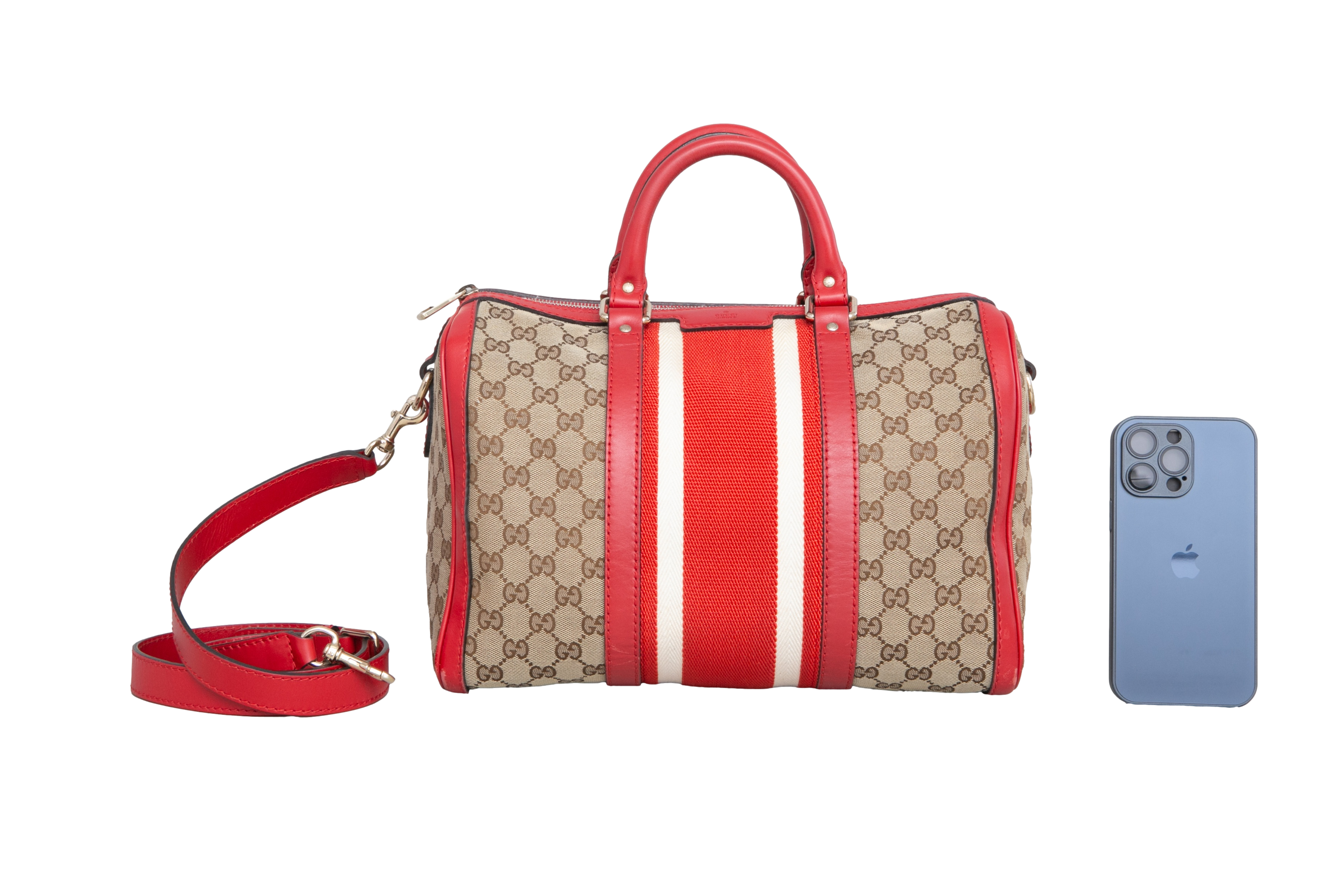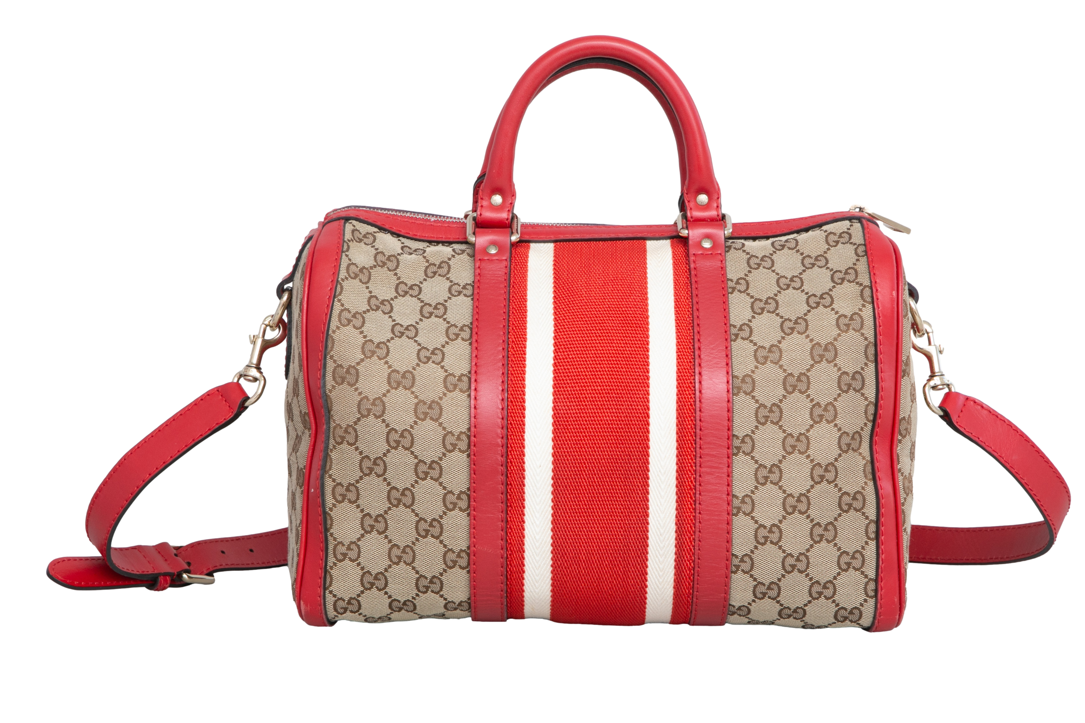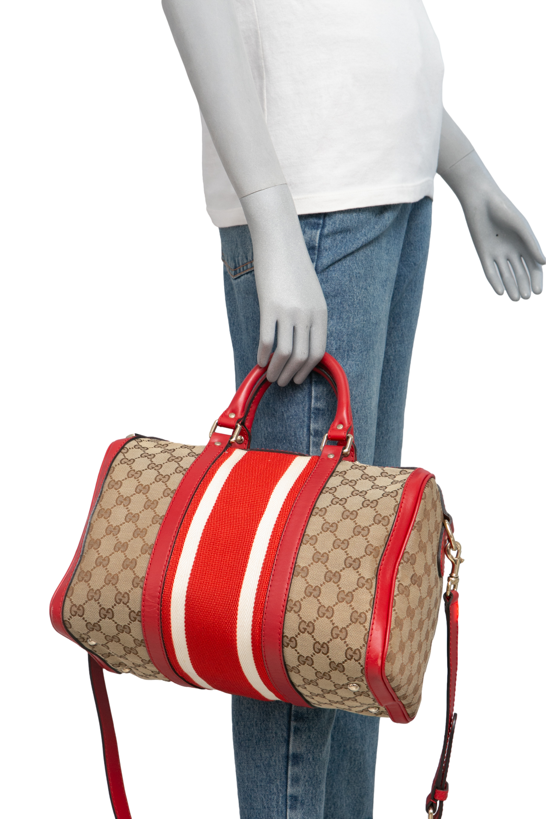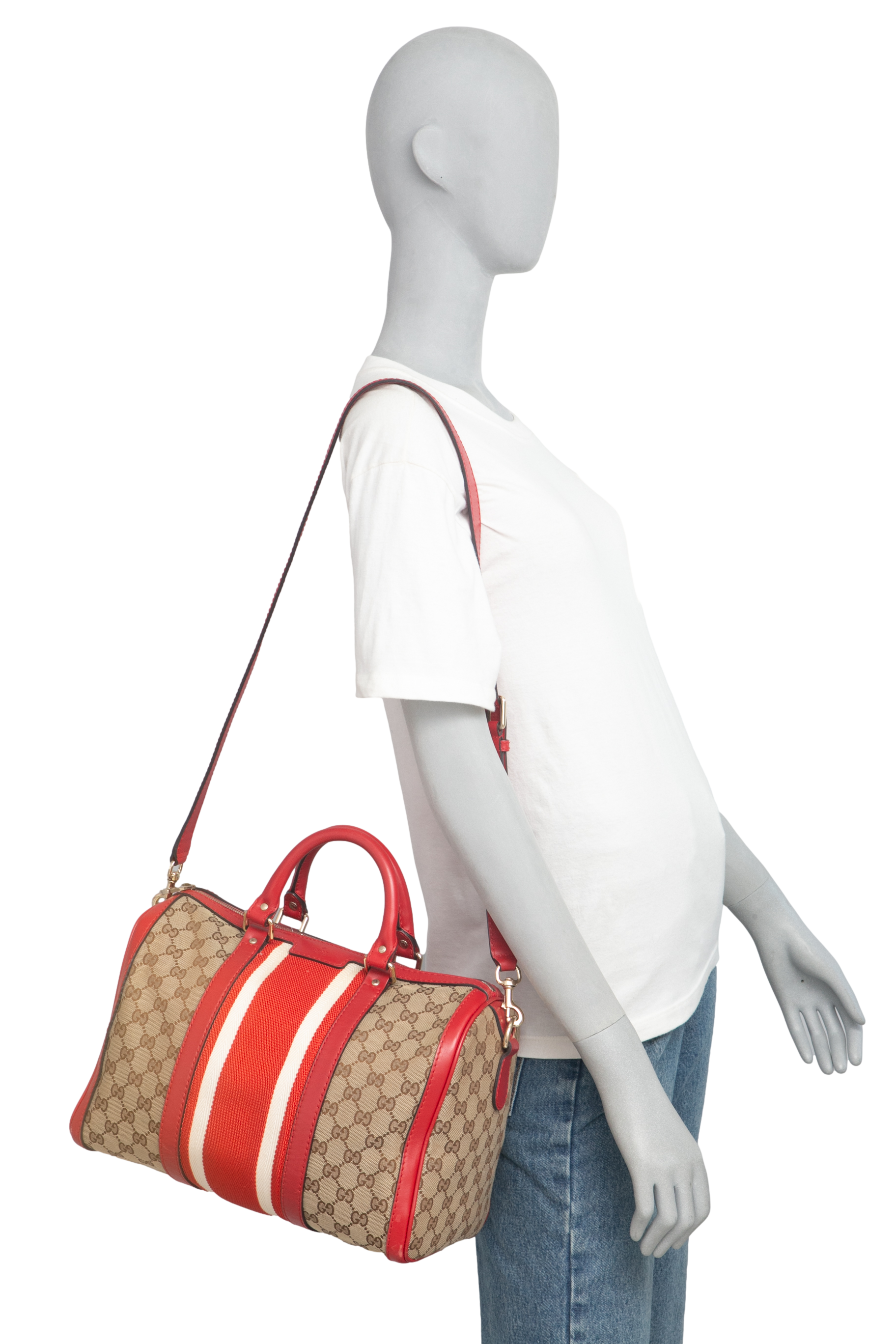Gucci Boston Medium GG Canvas & Red Fire. Peça em ótimo estado, possui marcas de uso, scratches nas arestas e manchas na parte interna.
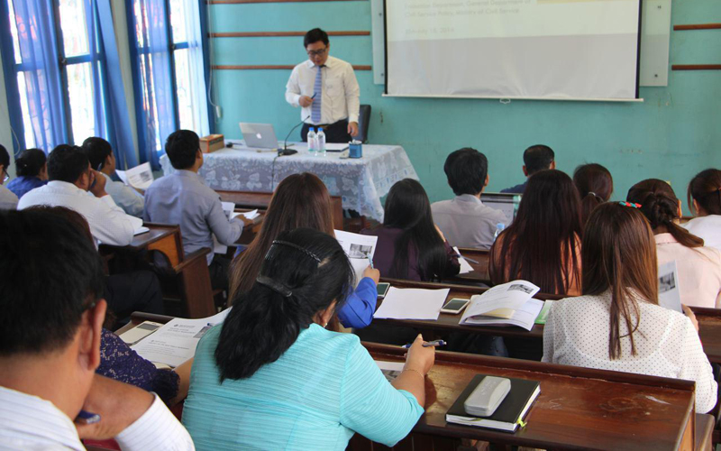 សាលាភូមិន្ទរដ្ឋបាល៖ នាព្រឹកថ្ងៃទី១៨ ខែកក្កដា ឆ្នាំ២០១៦ ក្រសួងមុខងារសាធារណៈ និងលេខាធិការដ្ឋាននៃគណៈកម្មាធិការកែទម្រង់រដ្ឋបាលសាធារណៈ បាននឹងកំពុងរៀបចំសិក្ខាសាលាស្តីពីការចែករំលែកបទពិសោធន៍និងចំណេះដឹង ក្រោមអធិបតីភាពដ៏ខ្ពង់ខ្ពស់របស់ឯកឧត្តម យក់ ប៊ុនណា រដ្ឋលេខាធិការ និងជានាយកសាលាភូមិន្ទរដ្ឋបាល នៃក្រសួងមុខងារសាធារណៈ។ សិក្ខាសាលានេះចាប់ផ្តើមពីថ្ងៃទី១៨ ដល់ថ្ងៃទី២២ ខែកក្កដា ឆ្នាំ២០១៦ ដែលមានសមាសភាពចូលរួមពីប្រធានការិយាល័យនៃក្រសួងមុខងារសាធារណៈចំនួន៥០រូប។ គោលបំណងនៃការរៀបចំសិក្ខាសាលានេះគឺដើម្បីការចែករំលែកនូវទស្សនាទានថ្មីៗ បទពិសោធន៍ល្អៗ និងការអនុវត្តល្អៗដែលវាគ្មិននៃសិក្ខាសាលានេះបានសិក្សាស្វែងយល់ពីវគ្គបណ្តុះបណ្តាលនិងសិក្ខាសាលានានានៅបរទេស។ កម្មវិធីចែករំលែកចំណេះដឹងនិងបទពិសោធន៍នេះគឺជាវប្បធម៌មួយដ៏ល្អដែលជំរុញឱ្យសិក្ខាកាមដែលទទួលការបណ្តុះបណ្តាលពីប្រទេសក្រៅយកចិត្តទុកដាក់ខ្លាំងក្នុងការសិក្សានិងត្រៀមខ្លួនសម្រាប់ធ្វើការចែករំលែកអ្វីដែលខ្លួនបានសិក្សាដល់មន្រ្តីរាជការផ្ទៃក្នុងរបស់ក្រសួង និងជាឱកាសដ៏ល្អផងដែរសម្រាប់មន្រ្តីទាំងនេះដែលត្រូវទទួលបានចំណេះដឹងបន្តពីវាគ្មិនទាំងនេះ។
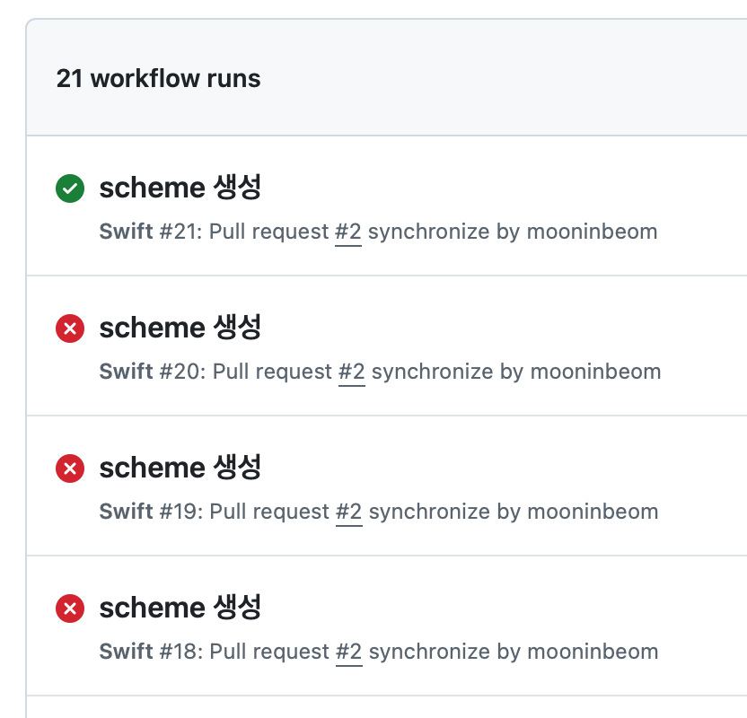이렇게 github actions에서 사용되는 Xcode의 버전을 직접 맞추었습니다. 특정 버전을 사용할 경우 직접 입력하면 됩니다. 최신 버전을 사용할 경우 latest 나 latest-stable 를 사용하면 됩니다.
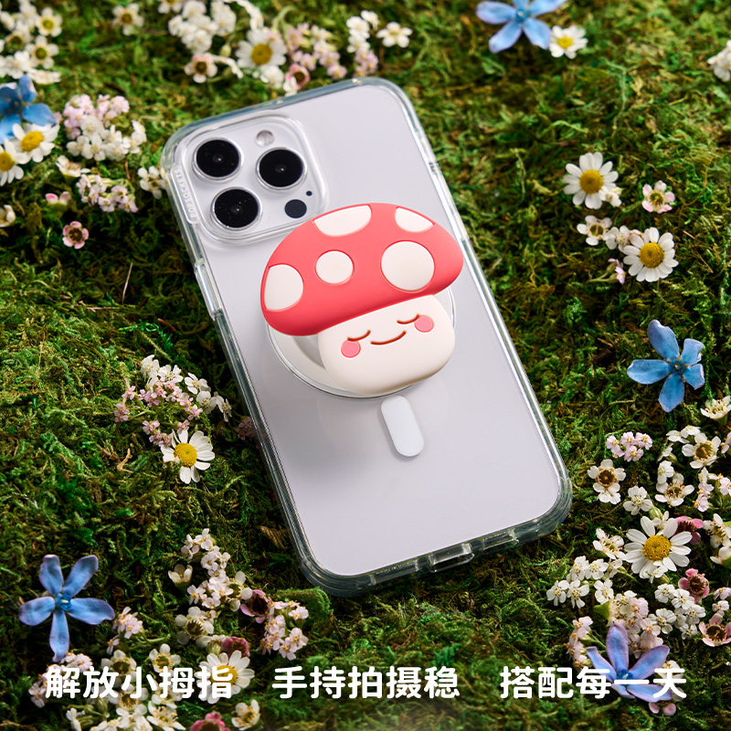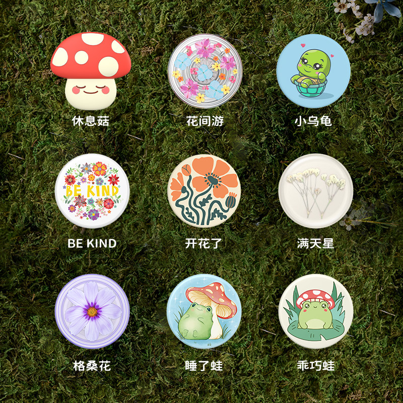 【草坪集会】PopSockets泡泡骚磁吸式气囊手机支架苹果iPhone17/16ProMax/Pro 硅胶磨砂 休息菇小乌龟乖巧蛙
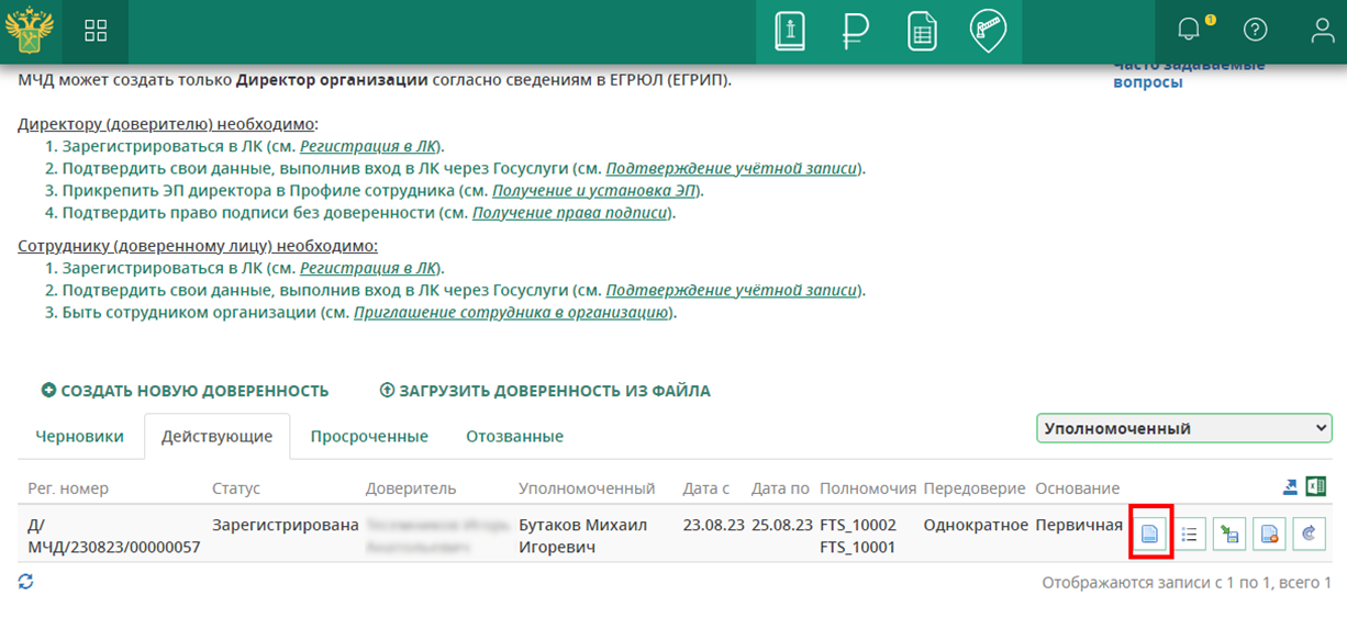 На первом этапе руководитель организации (в отдельных случаях это может быть доверенное лицо) создает машиночитаемую доверенность на сотрудника.
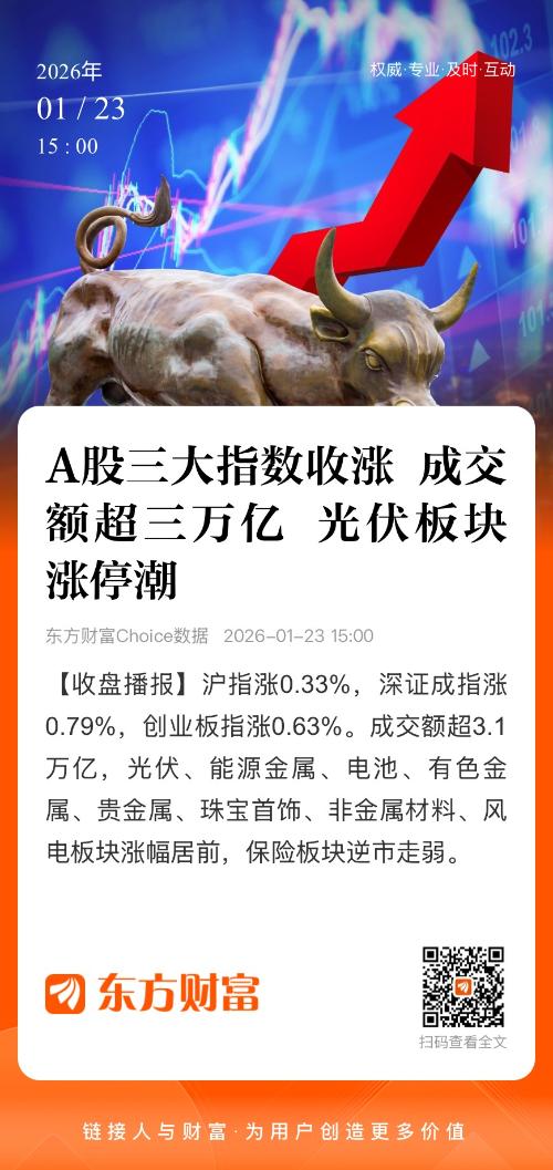 A股三大指数今日集体收涨,沪指涨0.33%,收报4136.16点;深证成指涨0.79%,收报14439.66点;创业板指涨0.63%,收报3349.50点。沪深京三市成交额达到31184亿,较昨日放量4017亿。
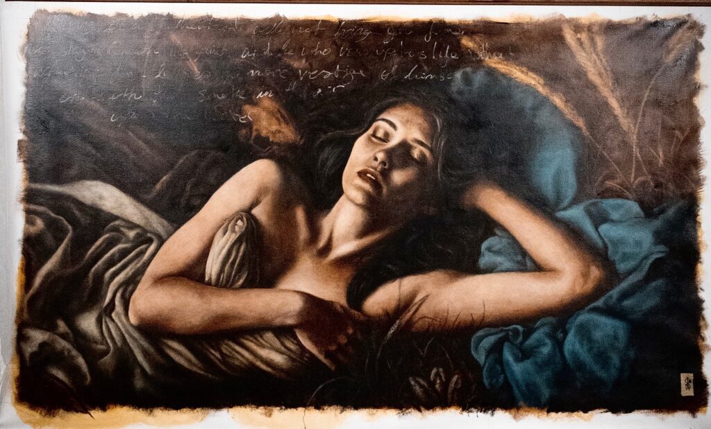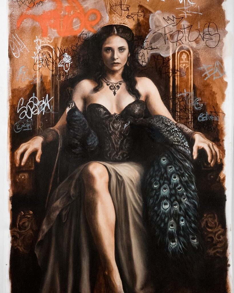 The first painting representing ‘’Ego’’ is seductive. Royal, regal and poised, she sits and stares out from a throne adorned with peacock feathers, rendered in a rich chiaroscuro style reminiscent of Baroque portraiture. Yet the surface is vandalized—graffiti litters her backdrop like a series of battle scars defacing an otherwise ‘’royal portrait’’.

Task brief
Exactly as they appear above, print all the lines, but not the pictures.

Response below
Gucci Boston Medium GG Canvas & Red Fire. Peça em ótimo estado, possui marcas de uso, scratches nas arestas e manchas na parte interna.
 សាលាភូមិន្ទរដ្ឋបាល៖ នាព្រឹកថ្ងៃទី១៨ ខែកក្កដា ឆ្នាំ២០១៦ ក្រសួងមុខងារសាធារណៈ និងលេខាធិការដ្ឋាននៃគណៈកម្មាធិការកែទម្រង់រដ្ឋបាលសាធារណៈ បាននឹងកំពុងរៀបចំសិក្ខាសាលាស្តីពីការចែករំលែកបទពិសោធន៍និងចំណេះដឹង ក្រោមអធិបតីភាពដ៏ខ្ពង់ខ្ពស់របស់ឯកឧត្តម យក់ ប៊ុនណា រដ្ឋលេខាធិការ និងជានាយកសាលាភូមិន្ទរដ្ឋបាល នៃក្រសួងមុខងារសាធារណៈ។ សិក្ខាសាលានេះចាប់ផ្តើមពីថ្ងៃទី១៨ ដល់ថ្ងៃទី២២ ខែកក្កដា ឆ្នាំ២០១៦ ដែលមានសមាសភាពចូលរួមពីប្រធានការិយាល័យនៃក្រសួងមុខងារសាធារណៈចំនួន៥០រូប។ គោលបំណងនៃការរៀបចំសិក្ខាសាលានេះគឺដើម្បីការចែករំលែកនូវទស្សនាទានថ្មីៗ បទពិសោធន៍ល្អៗ និងការអនុវត្តល្អៗដែលវាគ្មិននៃសិក្ខាសាលានេះបានសិក្សាស្វែងយល់ពីវគ្គបណ្តុះបណ្តាលនិងសិក្ខាសាលានានានៅបរទេស។ កម្មវិធីចែករំលែកចំណេះដឹងនិងបទពិសោធន៍នេះគឺជាវប្បធម៌មួយដ៏ល្អដែលជំរុញឱ្យសិក្ខាកាមដែលទទួលការបណ្តុះបណ្តាលពីប្រទេសក្រៅយកចិត្តទុកដាក់ខ្លាំងក្នុងការសិក្សានិងត្រៀមខ្លួនសម្រាប់ធ្វើការចែករំលែកអ្វីដែលខ្លួនបានសិក្សាដល់មន្រ្តីរាជការផ្ទៃក្នុងរបស់ក្រសួង និងជាឱកាសដ៏ល្អផងដែរសម្រាប់មន្រ្តីទាំងនេះដែលត្រូវទទួលបានចំណេះដឹងបន្តពីវាគ្មិនទាំងនេះ។
이렇게 github actions에서 사용되는 Xcode의 버전을 직접 맞추었습니다. 특정 버전을 사용할 경우 직접 입력하면 됩니다. 최신 버전을 사용할 경우 latest 나 latest-stable 를 사용하면 됩니다.
 【草坪集会】PopSockets泡泡骚磁吸式气囊手机支架苹果iPhone17/16ProMax/Pro 硅胶磨砂 休息菇小乌龟乖巧蛙
 На первом этапе руководитель организации (в отдельных случаях это может быть доверенное лицо) создает машиночитаемую доверенность на сотрудника.
 A股三大指数今日集体收涨,沪指涨0.33%,收报4136.16点;深证成指涨0.79%,收报14439.66点;创业板指涨0.63%,收报3349.50点。沪深京三市成交额达到31184亿,较昨日放量4017亿。
 The first painting representing ‘’Ego’’ is seductive. Royal, regal and poised, she sits and stares out from a throne adorned with peacock feathers, rendered in a rich chiaroscuro style reminiscent of Baroque portraiture. Yet the surface is vandalized—graffiti litters her backdrop like a series of battle scars defacing an otherwise ‘’royal portrait’’.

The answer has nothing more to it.